# Duck hunting Utah Lake



## dadams41 (Jul 9, 2013)

Where to duck hunt on Utah Lake? We usually go all the way up in Brigham City but Utah Lake is a little closer for us. WHere are the good public spots? any information will help, just not very familiar with the area. Thanks


----------



## Paratrooper1944 (Oct 3, 2013)

Do you have a boat or are you a foot soldier?


----------



## hotspot (Jan 12, 2009)

dadams41 said:


> Where to duck hunt on Utah Lake? We usually go all the way up in Brigham City but Utah Lake is a little closer for us. WHere are the good public spots? any information will help, just not very familiar with the area. Thanks


Farmington bay, Howard slough, Ogden bay, Harold crane are all closer than Brigham city. Plenty of area to learn that's closer to you.


----------



## Utmuddguy (Aug 25, 2013)

Utah lakes tough this year more foot deep mud than water.


----------



## dadams41 (Jul 9, 2013)

hotspot said:


> Farmington bay, Howard slough, Ogden bay, Harold crane are all closer than Brigham city. Plenty of area to learn that's closer to you.

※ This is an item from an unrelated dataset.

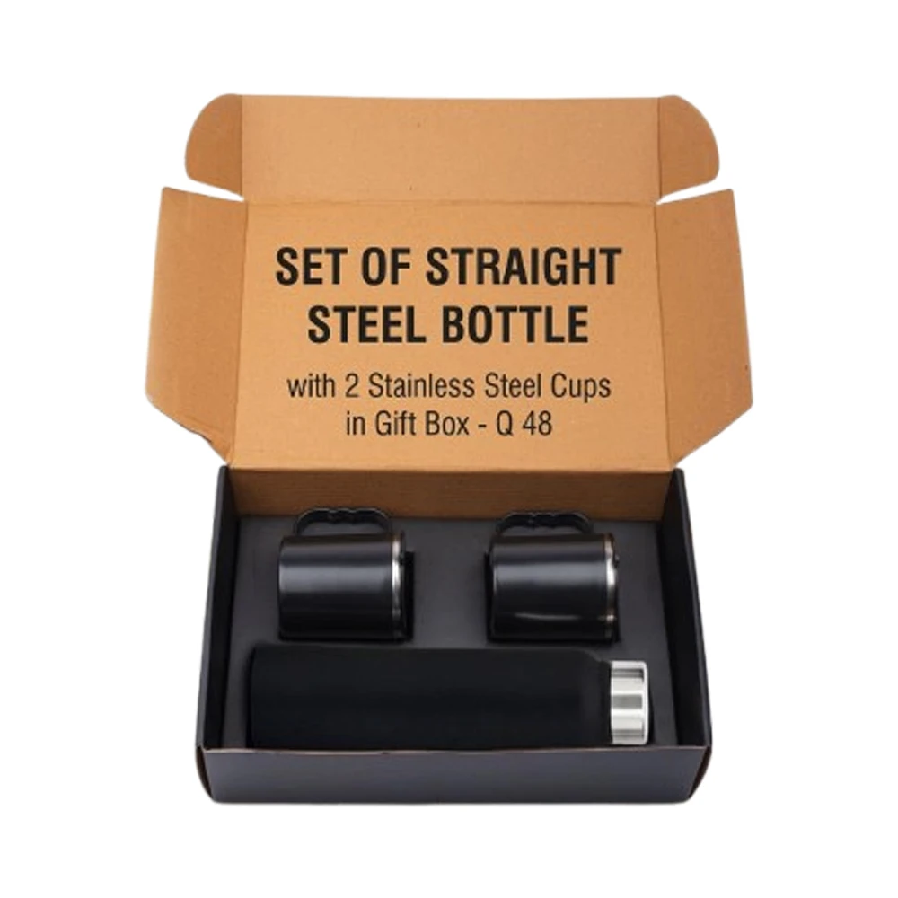 - Complete 3-Piece Set — Each variant includes one bottle and two matching matte black steel mugs

How comparable are those. We went saturday and the 3 of us limited in the first hour and half. We live in Lehi so I'm real close to Utah Lake


----------



## dadams41 (Jul 9, 2013)

Paratrooper1944 said:


> Do you have a boat or are you a foot soldier?


No boat, not yet at least


----------



## stuckduck (Jan 31, 2008)

dadams41 said:


> How comparable are those. We went saturday and the 3 of us limited in the first hour and half. We live in Lehi so I'm real close to Utah Lake


So what's your question... sounds like you have the lake down. If your getting into the birds you have a lot more figured out than a lot of us.


----------



## Longgun (Sep 7, 2007)

you live in Lehi? 

If youre THAT close, why not do some scouting?


----------



## rolltide89 (Sep 29, 2013)

where are you going on the lake?


----------



## horn hunter (Oct 30, 2013)

Longgun said:


> you live in Lehi?
> 
> If youre THAT close, why not do some scouting?


Why spend all that time and money when you can get someone else to do it for you?


----------